Emergency tax is a temporary code your employer or pension provider uses when HMRC has not yet given them your full tax details. It is not a penalty — it is a stop-gap that errs on the side of taking more tax so you do not under-pay. The downside is that, until your real code arrives, your take-home pay can be noticeably lower than it should be.

The most common trigger is starting a new job without a P45, taking a flexible pension lump sum, or having a second source of income. The good news is that an emergency code is almost always corrected automatically once HMRC catches up, and any overpaid tax comes back to you.

The three emergency codes explained

CodeWhat it doesAllowance
1257L W1/M1Gives the allowance, but only for the current week/month — not cumulative£12,570 (split)
BRTaxes every pound at the basic 20% rateNone
0TNo allowance; taxes at 20%, then 40%, then 45% as you cross the bandsNone

The key difference between 1257L W1/M1 and the normal cumulative 1257L is the "Week 1 / Month 1" flag. A cumulative code looks at your pay across the whole year so far and spreads your £12,570 allowance evenly. A W1/M1 code resets every period, so if you started part-way through the year you cannot reclaim the allowance you "missed" in earlier months until the code is corrected.

Extra tax under each code on £2,500/month

£291 1257L £291 W1/M1 £500 BR £500 0T

Illustrative monthly Income Tax on £2,500 gross. BR and 0T cost roughly £209 more per month than the normal code until HMRC updates it.

Worked example: £2,500 a month on BR

Suppose you start a new job on £30,000 (£2,500 a month) and are put on a BR code because you had no P45:

  • Under the normal cumulative 1257L code, monthly tax is about £291 — your £1,047.50 monthly allowance is applied, and 20% is charged on the rest.
  • Under BR, you get no allowance and pay 20% on the full £2,500 = £500.
  • That is an extra £209 a month taken in tax until the code is fixed.
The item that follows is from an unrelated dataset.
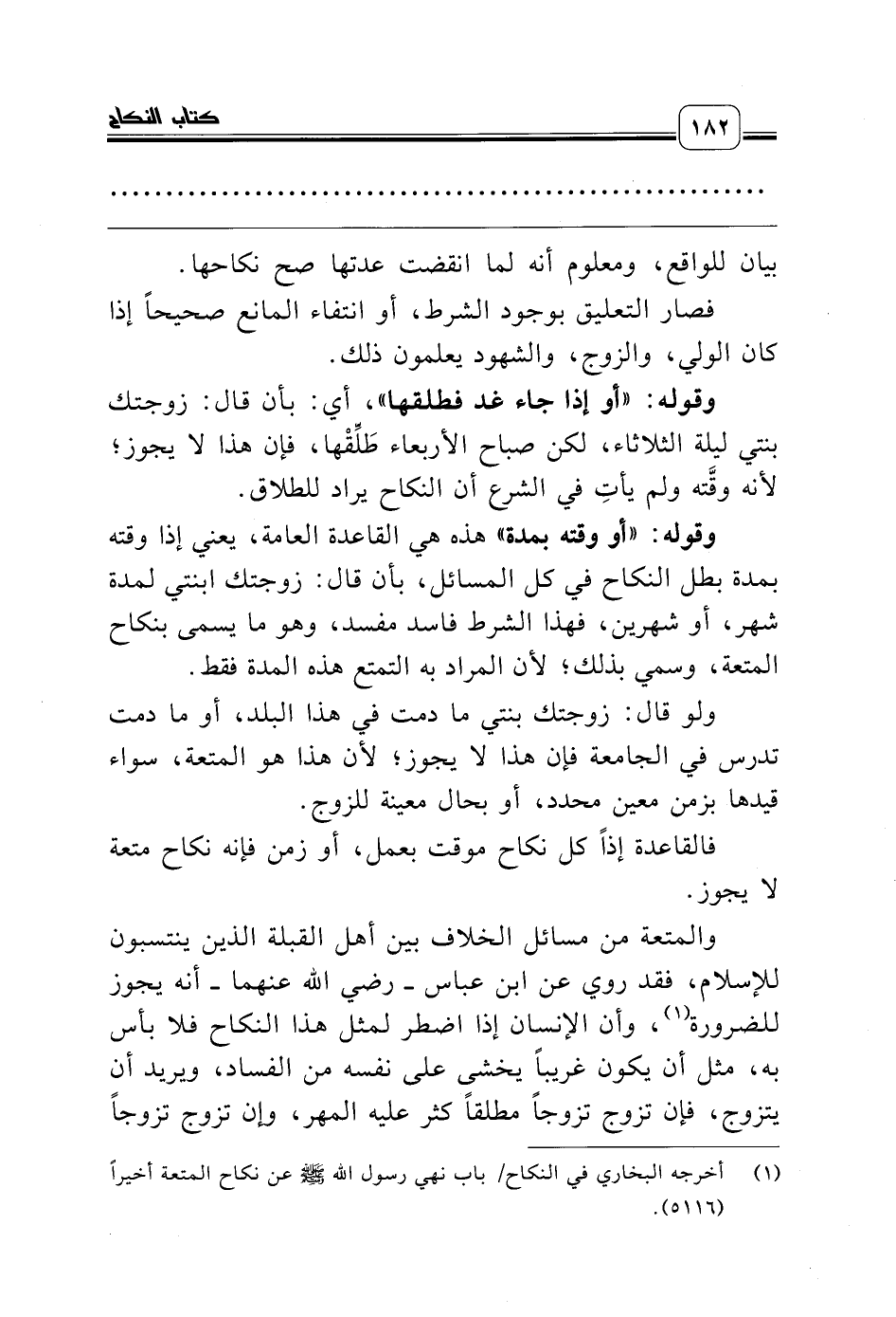 وقوله: «أو وقته بمدة» هذه هي القاعدة العامة، يعني إذا وقته بمدة بطل النكاح في كل المسائل، بأن قال: زوجتك ابنتي لمدة شهر، أو شهرين، فهذا الشرط فاسد مفسد، وهو ما يسمى بنكاح المتعة، وسمي بذلك؛ لأن المراد به التمتع هذه المدة فقط.

Once HMRC issues your correct code, the overpayment is repaid — often as a refund in your very next payslip when a cumulative code is applied.

How to reclaim emergency tax

  • Give your employer your P45 from your last job, or complete a Starter Checklist so HMRC can issue the right code.
  • Check your tax code online via your Personal Tax Account on GOV.UK — you can see and challenge the code HMRC holds.
  • Pension lump sums: use HMRC forms P55, P53Z or P50Z to claim back over-taxed flexible drawdown without waiting until year end.
  • After the tax year ends, HMRC reconciles your record and sends a P800 with any refund due.

For a full picture of what your pay should be once the code is corrected, try our salary calculator or the National Insurance calculator.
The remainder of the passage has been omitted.